Yang pasti setelah mengalami pengalaman tersebut, saya coba berfikir, menganalisa dan mengingat-ngingat kembali. Tak berapa lama kemudian saya kehilangan duit, jika di rupiahkan sebesar tiga puluh lima ribu. Memang nilainya kecil tak seberapa, tapi jika dikaitkan dalam sebuah alur peristiwa yang saya alami mungkin bisa berkembang menjadi hal yang penting.
Saya mengingat dengan pasti dimana saya menyimpan duit tersebut sebaik-baiknya, dalam saku kiri celana jeans yang sementara saya pakai. Namun seperti saya bilang tadi, bisa jadi keteledoran saya sendiri sehingga duit itu hilang, mungkin terjatuh di jalan ketika saya tidak sengaja merogoh saku, atau, karena hanya terselip di bagian tepi dalam jepitan saku celana jeans saya ketika saya memasukkannya, sehingga terkena senggolan sedikit saja oleh tubuh atau adanya gerakan yang berlebihan yang membuat duit tersebut jatuh. Atau mungkin saja saya pernah secara sengaja menggunakan duit itu, untuk berbelanja atau membayar keperluan lain namun saya tidak dapat mengingatnya dengan pasti dan melupakannya.

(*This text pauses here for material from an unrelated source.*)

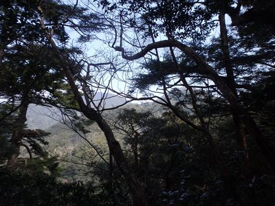 | ▼また々面白い木〜向こう側の木が見えます | ▼痩せ尾根ヶ所から都城市街地が見えます。 | |

Kemungkinan yang terakhir jika dikaitkan dengan dejavu membuat saya berhipotesa bahwa ada sepenggal kejadian yang saya lupakan dalam rentetan perstiwa hilangnya duit ku, dan hal ini menjadi semacam pertukaran atas pemberian “sedikit” berkah dari sang pencipta dalam hal kemampuan mengetahui apa yang akan terjadi, dengan rentetan peristiwa yang terlupakan dalam keseluruhan alur peristiwa hilangnya duit milikku. Sehingga keseimbangan antara satu peristiwa dan peristiwa lainnya di dunia dapat tercipta. Namun hipotesa itu gagal dengan sendirinya karena saya yang buat tanpa adanya rasionalisasi dan pembuktian empiris. Sementara itu, kejadian “lupa” lebih tinggi frekuensi terjadinya pada diriku dibandingkan kejadian “dejavu” itu sendiri.
Kesimpulan yang saya buat tentang peristiwa dejavu dan kehilangan duit ini hanya sebagai catatan kecil saya. Sungguh bukan suatu hal yang penting. Hanya berusaha untuk belajar menulis.